A radioactive doll, two blasts, East India Company, and Abdul Kalam: the story of a conhttps://indianexpress.com/article/india/a-radioactive-doll-two-blasts-east-india-company-and-abdul-kalam-the-story-of-a-con-5723232/

A radioactive doll, two blasts, East India Company, and Abdul Kalam: the story of a con

How three friends from Pune got taken in by a “Rs 7,000-crore”, “biggest deal of India”, convinced about it “for the sake of India”, and what has followed — seven FIRs, for cases ranging from Jaipur, Indore and Bhopal to Kolkata and Hyderabad; 24 arrests; and freezing of over a 100 bank accounts

The doll that the accused reportedly said had been packed by Kalam himself, in this box, along with chemicals; (right) alleged kingpin Ganesh Ingole

On July 11, 2018, a Mercedes Benz drew up outside a home in Malviya Nagar, Jaipur. Security guards emerged first, took a look around, and opened the door for Ganesh Ingole, 41, a sharply dressed director of a “nuclear waste and decommissioning company”.

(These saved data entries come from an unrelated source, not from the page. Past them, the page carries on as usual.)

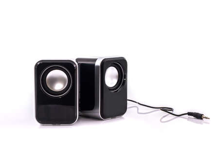 Black music sound speaker witn cable isolated on red background. Audio equipment.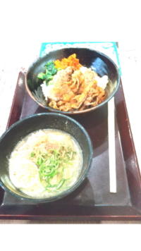 調子に乗ってフードコートで カルビ丼&肉うどん のセットなるものを注文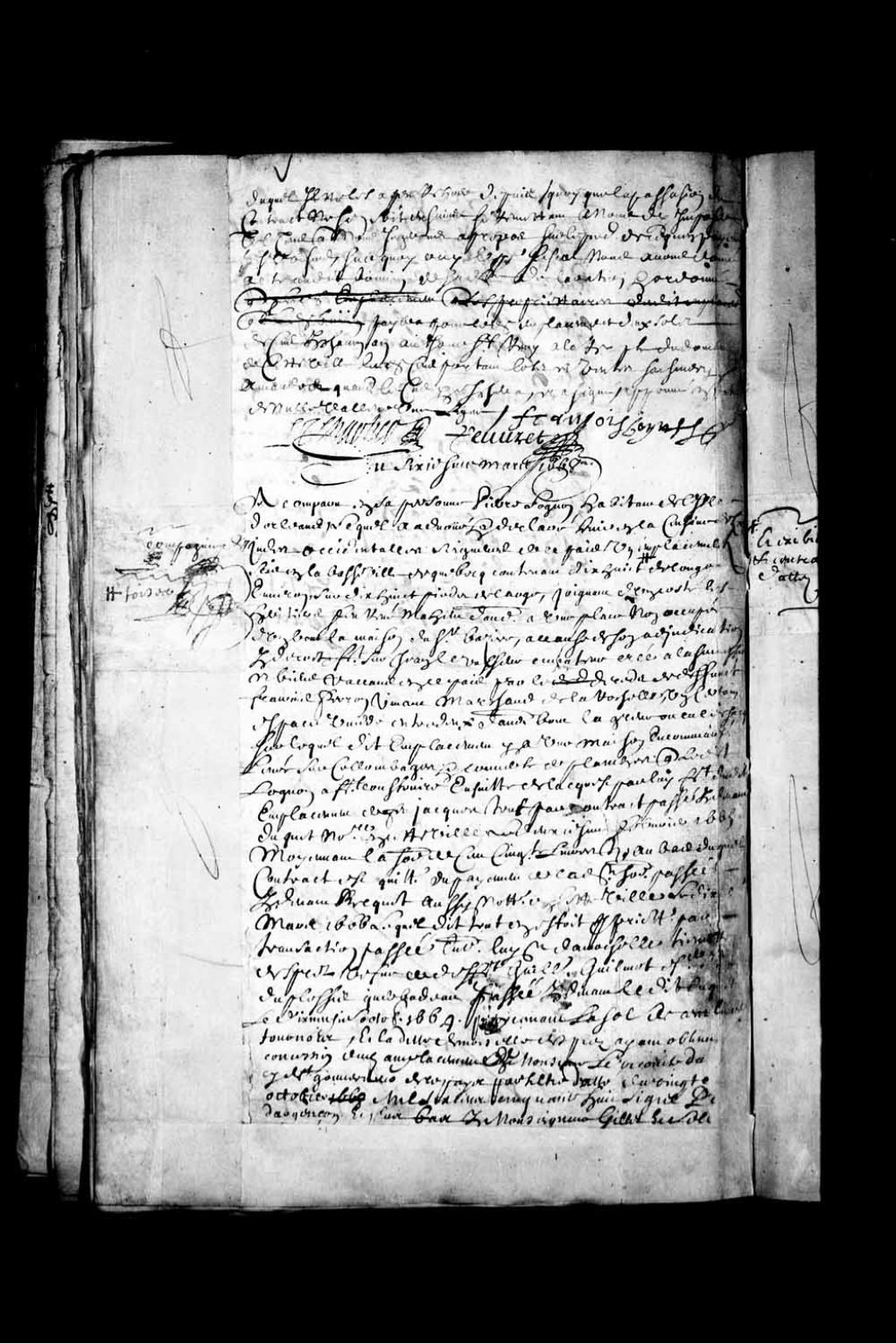 - Transcription du texte avec orthographe modernisée : «Du sixième mars 1668. A comparu en sa personne Pierre Lognon (Loignon), habitant de l'île d'Orléans, lequel a avoué et déclaré tenir en la censive de la Compagnie des Indes Occidentales, seigneurs de ce pays, un emplacement sis en la basse-ville de Québec, contenant dix-huit toises de long ou environ sur dix-huit pieds de large, joignant d'un côté les héritiers feu René Maheu (Maheux), d'autre à une place non occupée, d'un bout la maison du Sieur Bazire à cause de son adjudication par décret fait sur Jean Levasseur, curateur créé à la succession de biens vacants en ce pays par le décès de défunt François Perron, vivant marchand de La Rochelle, un certain espace vide entre deux, d'autre bout la grève ou Cul-de-Sac, sur lequel dit emplacement y a une maison encommencée levée sur colombage et couverte de planches que le dit Lognon a fait construire ensuite de l'acquêt par lui fait du [...]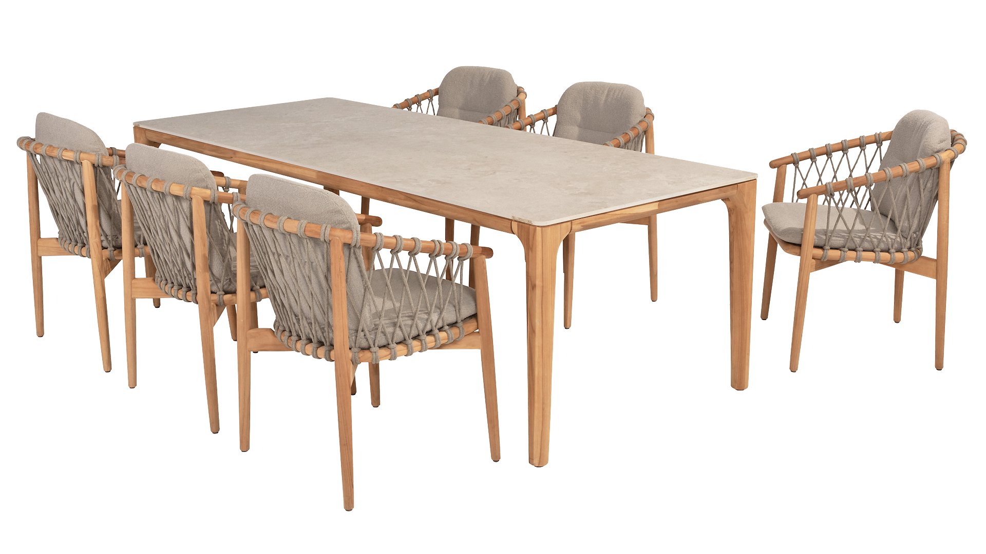 Der Liam 240 cm Keramik ist mit einer großzügigen Größe von 240 x 100 x 75 cm eine schöne Ergänzung für jeden Essbereich. Der Rahmen aus Teakholz bietet eine warme, natürliche Optik und sorgt für Stabilität und Langlebigkeit. Teakholz eignet sich perfekt für den Langzeitgebrauch und hält unterschiedlichen Wetterbedingungen stand, sodass der Tisch sowohl für den Innen- als auch für den Außenbereich geeignet ist.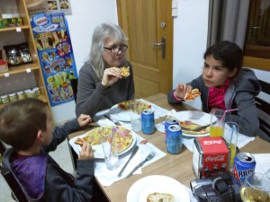 The innkeeper assigned us a room and told us we could pay and sign in when everyone else showed up. They like to check our passports and copy our info with everyone present.We were dripping water so the goal was to get everyone out of their wet clothes and try to get everyone dry. Mom showed up with Erika and Justin just over an hour later so we got checked in. There is a washer and dryer here but there is already a line of dirty laundry bags so we added ours to the line. We went downstairs to the “cafeteria” for dinner. There was already a group of young adults in there talking and laughing but we managed to get enough chairs around a table for our group. There is a menu here but it is all prepackaged food that the owner heats up and serves. So that means we dined on pizza and pasta tonight. It wasn’t actually that bad. The kids picked out cookies for their dessert. A girl poked her head into the room and told us that the washing machine had stopped so she took everything out of the washer and set it on top of the dryer. The kicker was when she told us all that she had put her clothes in the washer, even then we were all waiting in line with our own dirty clothes!! I was speechless and due to the hour, we just gathered up our clothes and decided to wear the same clothes tomorrow. I tried to take a shower tonight and the light in the upstairs bathroom flickered but it wouldn’t stay on. I wasn’t keen on bathing in the dark in a community bathroom.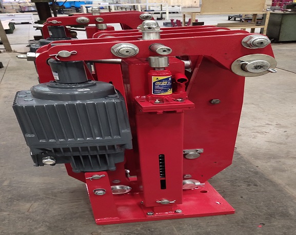 (5)、將已打開的制動(dòng)器緩慢平穩(wěn)的移動(dòng)到其安裝的位置,穿上地腳螺栓,并松松擰上螺母。注意:在移動(dòng)制動(dòng)器時(shí),嚴(yán)禁磕碰推動(dòng)器。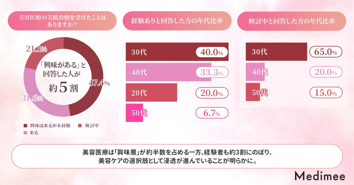 今回の結果からは、美容医療は“特別な施術”というよりも、具体的な肌悩みを感じたタイミングで取り入れる現実的な選択肢として定着しつつあることが示唆されました。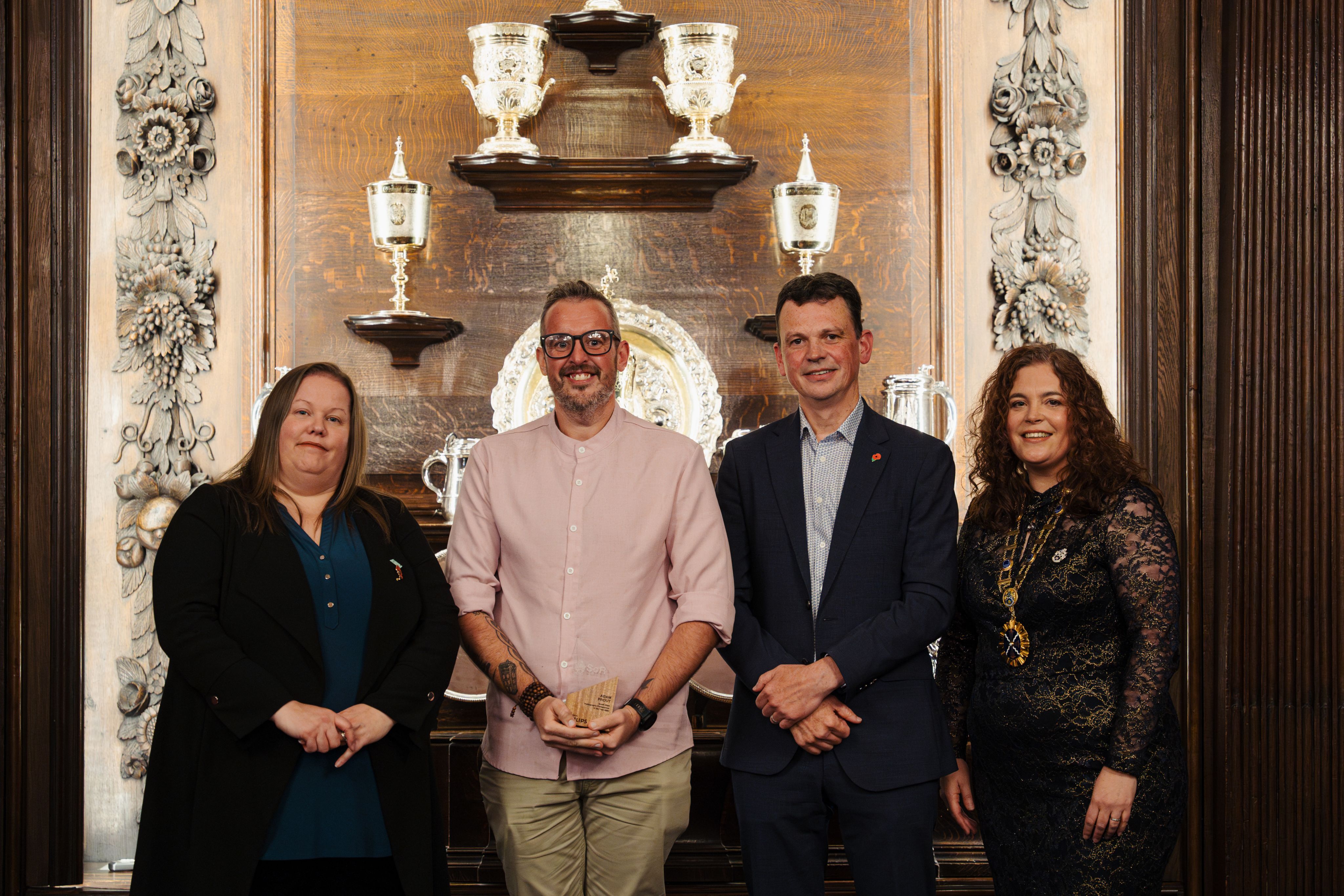 (L-R) Sally Edgington, CEO of AXREM, Rob Emery, regional director at Philips, senior radiographer Adam Prout and Katie Thompson, president of the SoR, presenting Adam with an award for South West Radiography Professional of the Year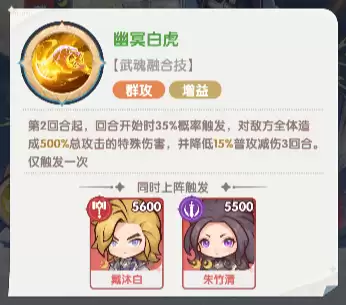 自第2回合起,每回合开始时有35%概率发动,对敌方全体造成500%总攻击的特殊伤害,并降低15%普攻减伤,持续3回合。整场战斗仅可触发一次。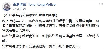 香港警方13日發表聲明,當天晚上7點30分左右,有兩名在將軍澳執勤的便衣警察,被暴徒圍堵。兩名警察曾嘗試撤離現場,但仍被暴徒追打,甚至有暴徒不斷以硬物擊打兩名警察頭部。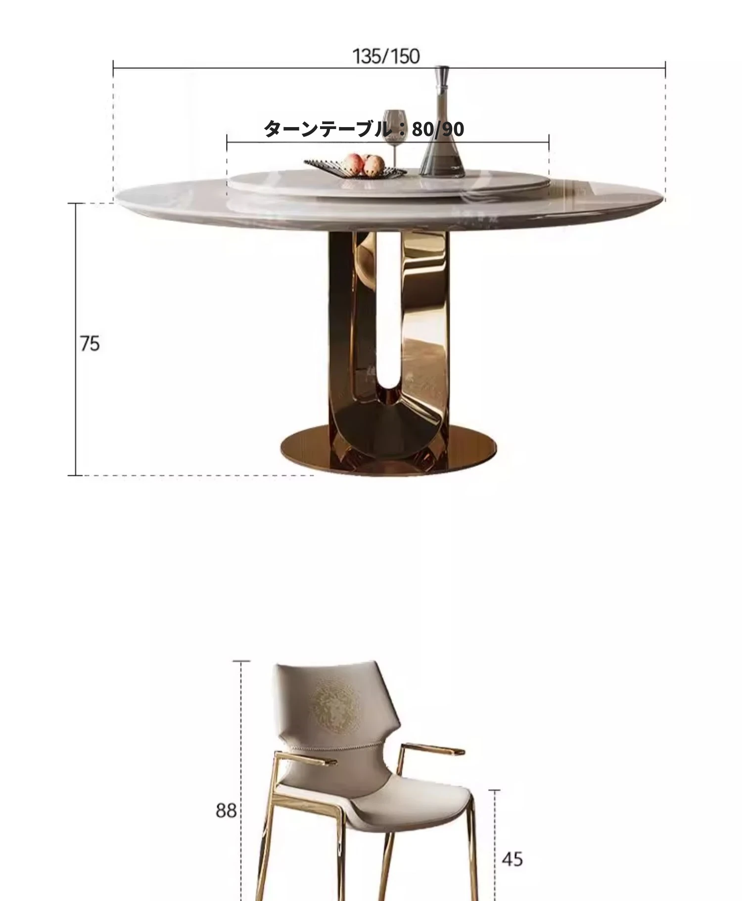 テーブル/1.5M/カリアイスストーン/シャンパンゴールド/90cmターンテーブル付き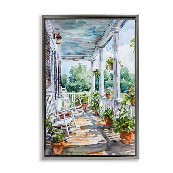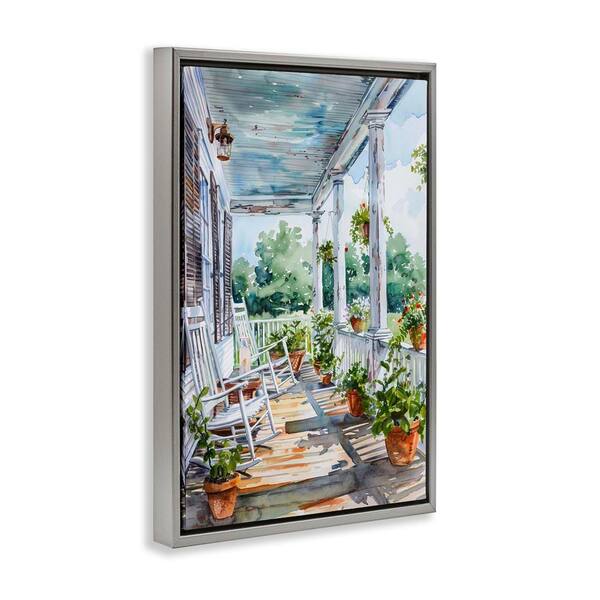 Summer Plant Filled Porch by Franklyn Gregory Gray Floater Frame Architecture Graphic Art Print 25 in. x 17 in.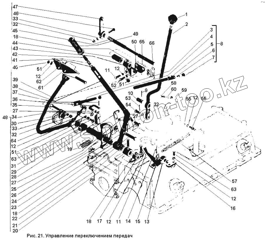 Каталог запасных частей к технике: ПТЗ К-701. Управление переключением передач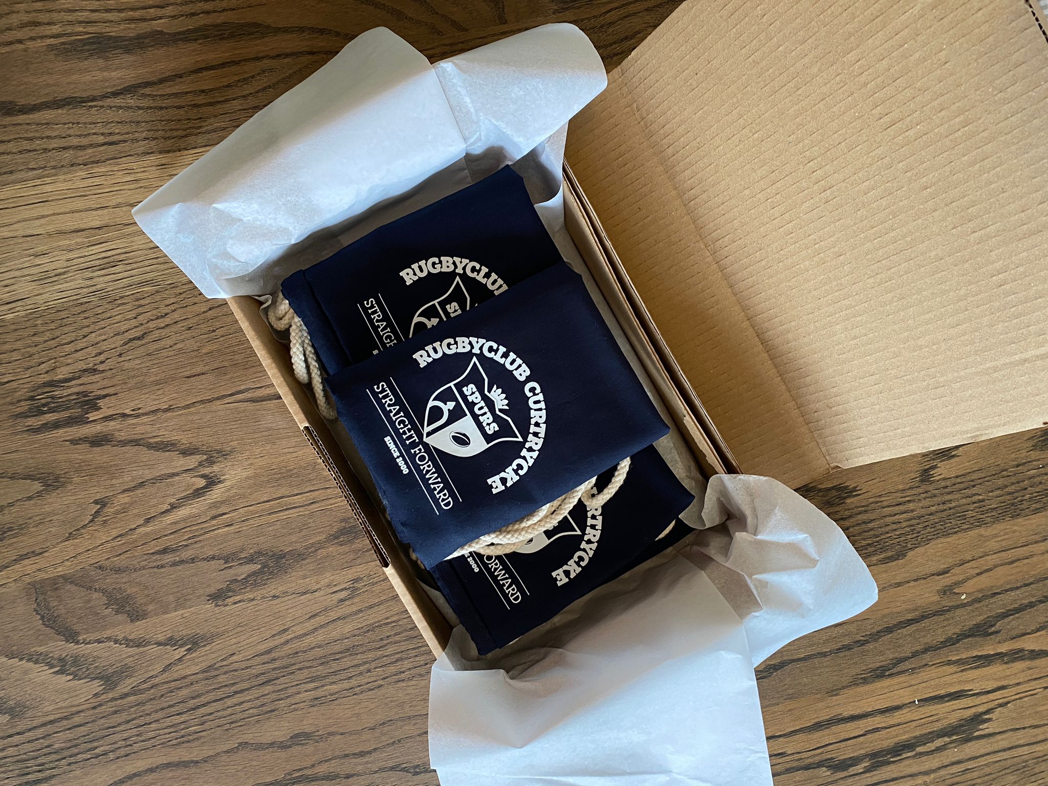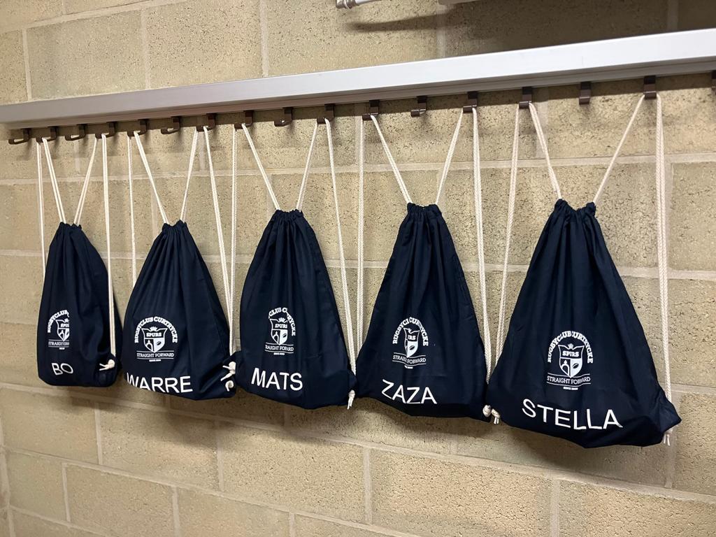 - turnzakjes voor rugbyclub (alle speelsters die mama worden krijgen zakje met naam van kindje + logo van de club)
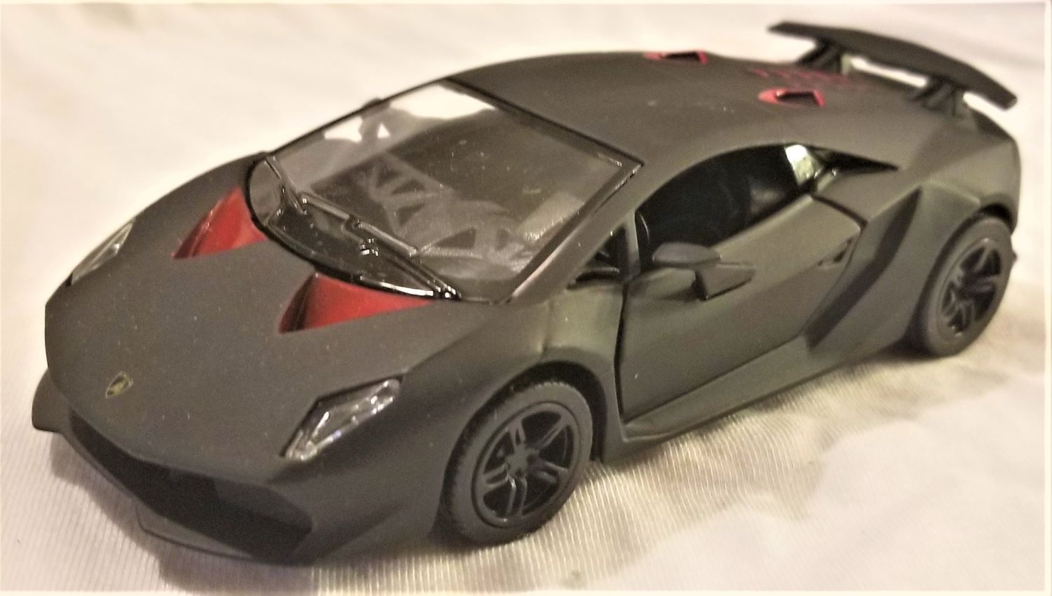 This is a Brand New Kinsmart - 1:38 Scale Model Lamborghini Sesto Elemento Black. The model is about 5 inches long. This model comes with pull back & go and opening doors features. These models come in a big display box and they don't have individual boxes. They will be expertly packed and shipped.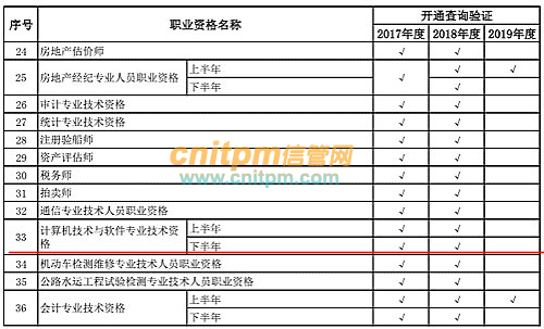 根据中国人事考试网的相关通知,目前中国人事考试网职业资格证书查询验证范围里,计算机技术与软件专业技术资格考试(比如高级信息系统项目管理师、系统规划与管理师、中级系统集成项目管理工程师、信息安全工程师等)已开通2017年上半年和下半年,2018年上半年和下半年的证书查询验证服务,其他年份取得证书暂时无法在中国人事考试网查询到。

Next, a Honda City pulled up. It had Satyanarayan, 41, and “officials from the Defence Research and Development Organisation (DRDO)”, including one

“Mr Jindal”. They alighted with bags containing “anti-radiation suits and chemicals”.

A third vehicle, an Innova, arrived with officials from the “Bhabha Atomic Research Centre (BARC)”, carrying more chemicals.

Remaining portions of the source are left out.